昨日のニューヨーク外国為替市場でドル円は続伸。イラン情勢を巡る不透明感を背景に、原油高・株安・ドル高が先行。米インフレ指標の上振れを受けてドル買いが優勢になると、一時157.76円と日通し高値を更新した。米労働省が発表した4月米消費者物価指数(CPI)が予想を上回り、ユーロドルは1.1722ドルまで弱含み、ユーロ円は185.00円を挟んだもみ合いに終始した。

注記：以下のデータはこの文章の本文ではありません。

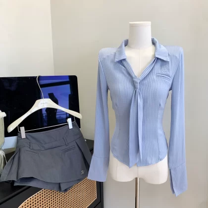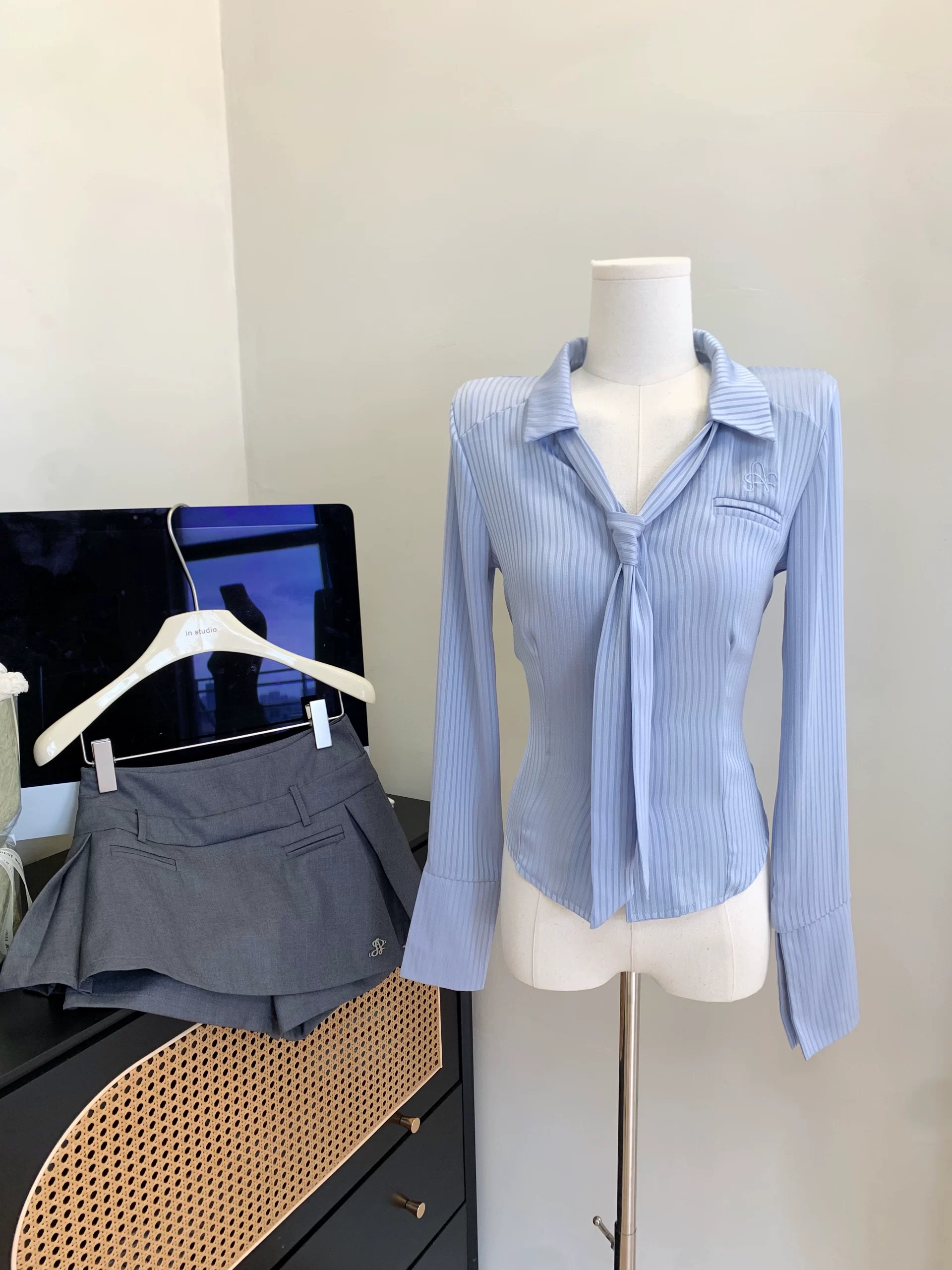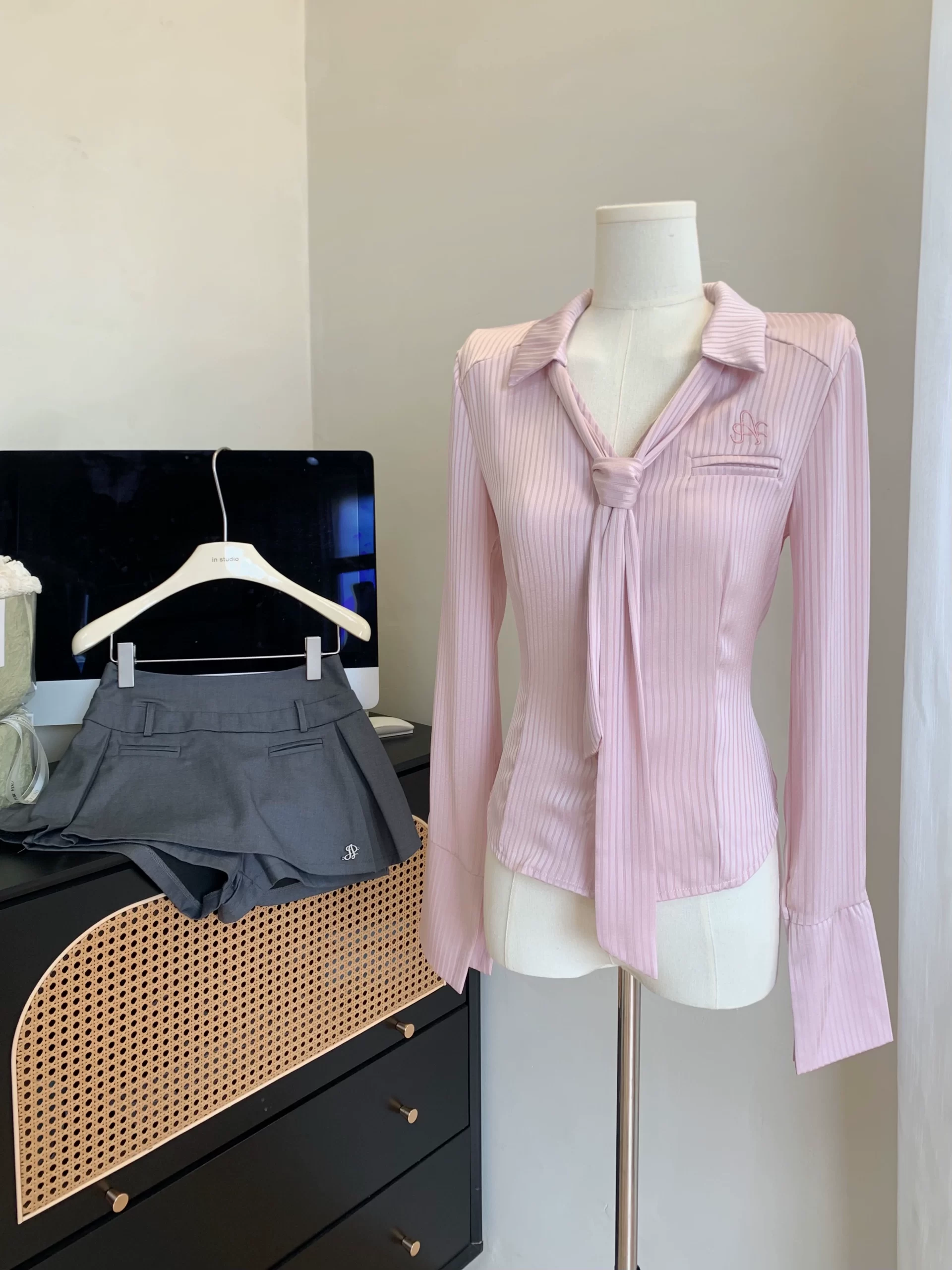 | nameOriginal | Silky Tie Striped Long Sleeve Sweet Girl Half Body Satin |

 ドル円は昨日の15時前に157円後半から156円後半まで1円近く急落する場面が見られた。まとまったドル売り・円買いのフローが入ったかもしれないが、小規模の介入が入った可能性も否定できない。4月末からゴールデンウイークに見られた複数回の値動きに比べると値幅は大きくなかったが、日本当局の介入警戒感で市場は引き続き神経を尖らせている。

 昨日、片山財務相や高市首相と会談を行ったベッセント米財務長官は、過度な為替変動は望ましくないとし、財務省と緊密に連携を取っていくと強調した。また、日本の金融政策に関し、「コミュニケーションを密にすることが成功につながる」と述べた。片山財務相も足元の為替について日米間でよく連携できていると述べ、金融政策の具体的手法は日本銀行にあると発言した。

 ドル円の上昇トレンドに変化はなく、当面は日本当局のドル売り・円買い介入を警戒しながらの相場が続きそうだ。目先は介入観測があった6日の高値157.94円がレジスタンスとして意識されやすい。昨日に発表された4月米消費者物価指数(CPI)は前年比+3.8%と前月から予想以上に伸びが加速し、2023年5月以来の大幅な上昇となった。先週末に発表された4月米非農業部門雇用者数が市場予想を大きく上回ったことも背景に、米連邦準備理事会(FRB)は来年まで金利を据え置くとの見方が強まりつつある。

 大規模な介入が必要になるほど円に売り圧力がかかっているのが現状である。これは投機筋による動きもあるが、現在のドル高・円安は主に「日米の根本的なファンダメンタルズの差」であるとの指摘も少なくない。国際市場では日本の財政規律への懐疑的な視線があり、「円売り・日本国債売り」の動きには今後も警戒を要する。